Два следующих театральных сезона были отмечены новыми премьерами чеховских пьес. В театре Корша был поставлен водевиль “Медведь”, который лишь за сезон 1888/1889 годов прошел 17 раз, что было свидетельством большого успеха. Пресса обратила внимание на небольшое сочинение Чехова и назвала его “грациозной вещицей, написанной очень хорошим языком и с большим талантом”6 и т. д. Вслед за “Медведем” на театральную сцену вышел и водевиль “Предложение”, поставленный вначале в Москве, потом в Петербурге. Актеры обращают внимание и на другие одноактные пьесы: “Лебединую песню” (“Калхас”) и “Трагика поневоле”. С этого момента начинается большая популярность Чехова-водевилиста. После столичных премьер его шутки (в первую очередь это касалось “Медведя” и “Предложения”) начинают очень широко ставиться по всей России, принося своему автору и материальную прибыль, и широкую известность.
В своих воспоминаниях И. Л. Леонтьев-Щеглов написал, что “└водевиль“ является, некоторым образом, в роли мирового посредника между Чеховым и театром”7 , но мемуарист явно преувеличивал значение водевиля в творчестве Чехова8 и, по-видимому, не уловил того художественного диссонанса, который существовал между ним и театром и в этой области.

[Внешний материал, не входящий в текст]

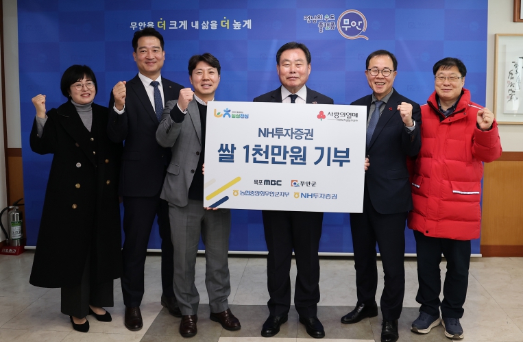 이날 기탁식에는 김산 군수를 비롯해 NH투자증권 전민경 이사, 목포MBC 김순규 대표이사, NH농협 무안군지부 박상덕 지부장, 전남사회복지공동모금회 오세헌 부장 등 관계자들이 참석해 지역사회 이웃사랑 나눔의 의미를 함께 했다.

Ситуация шумного успеха “Медведя” у Корша в чеховских письмах отражена совсем по-другому: “Соловцов играл феноменально, Рыбчинская была прилична и мила. В театре стоял непрерывный хохот; монологи обрывались аплодисментами. <…> Но, душа моя, играют Соловцов и Рыб<чинская> не артистически, без оттенков, дуют в одну ноту, трусят и проч. Игра топорная” (П. 3, 50); “У Корша публика рыгочет, не переставая, хотя Соловцов и Рыбчинская играют совсем не артистически. Я с сестрой сыграли бы лучше” (П. 3, 62); “Мой └Медведь“ в Москве идет с большим успехом, Хотя медведь и медведица играют неважно” (П. 3, 65). Даже в отношении этого “легкого” жанра, которому сам Чехов не придавал большого значения, театральные критерии у автора и исполнителей были разные.

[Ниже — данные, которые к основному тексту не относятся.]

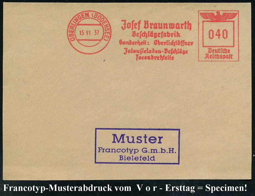 5524 | 35 € | POSTLEITRAUM 7700 (OHNE SINGEN) : ÜBERLINGEN (BODENSEE)/ Josef Braunwarth/ Beschlägefabrik../ Facondrehteile 1937 (15.11.) AFS-Musterabdruck Francotyp "Reichsadler" , glasklar gest. Francotyp-Musterblatt vom V o r - Ersttag ! (mit Attest), selten! (Dü.E-5CGo) | ![]() ![]() | |

Еще более красноречивой оказалась ситуация с постановкой водевиля “Предложение” в сентябре 1889 года во вновь организованном театре Е. Н. Горевой. Посмотрев его, по-видимому, во время третьего представления, Чехов просто снял свою пьесу с репертуара, настолько чудовищным показалось ему все, что он увидел на сцене (“└Предложение“ шло у Горевой — я снял с репертуара”. П. 3, 250). В чеховских письмах сохранились самые резкие комментарии по поводу этого театрального предприятия: “Театр Горевой такая чепуха! Сплошной нуль. Таланты, которые в нем подвизаются, такие же облезлые, как голова Боборыкина9 , который неделю тому назад составлял для меня почтенную величину <…>. Побеседовав с ним и поглядев на дела рук его, я разочаровался…” (П. 3, 249); “Но Горева ужасно плоха. Я был раз в ее театре и чуть не околел с тоски. Труппа серая, претензии подавляющие” (П. 3, 265).

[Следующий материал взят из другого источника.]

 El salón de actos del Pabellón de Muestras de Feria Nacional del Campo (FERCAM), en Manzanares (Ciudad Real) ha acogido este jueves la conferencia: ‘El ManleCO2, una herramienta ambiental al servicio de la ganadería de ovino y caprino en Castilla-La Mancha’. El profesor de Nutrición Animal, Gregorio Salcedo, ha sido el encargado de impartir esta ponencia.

31 января 1889 года состоялась премьера “Иванова” в Александринском театре в Петербурге. Пьеса, как известно, к этому моменту была существенно переработана и при постановке, по выражению самого автора, имела “колоссальный, феноменальный успех” (П. 3, 156). Это был тот редкий для Чехова случай, когда он мог сказать, что он “покоен и совершенно удовлетворен тем, что сделал и что получил” (П. 3, 157). После спектакля он был настроен благодушно и писал: “После того, как актеры сыграли моего └Иванова“, все они представляются мне родственниками. Они так же близки мне, как те больные, к<ото>рых я вылечил, или те дети, к<ото>рых я когда-то учил. Я не могу забыть, что Стрепетова плакала после III акта и что все актеры от радости блуждали, как тени; многого не могу забыть…” (П. 3, 144).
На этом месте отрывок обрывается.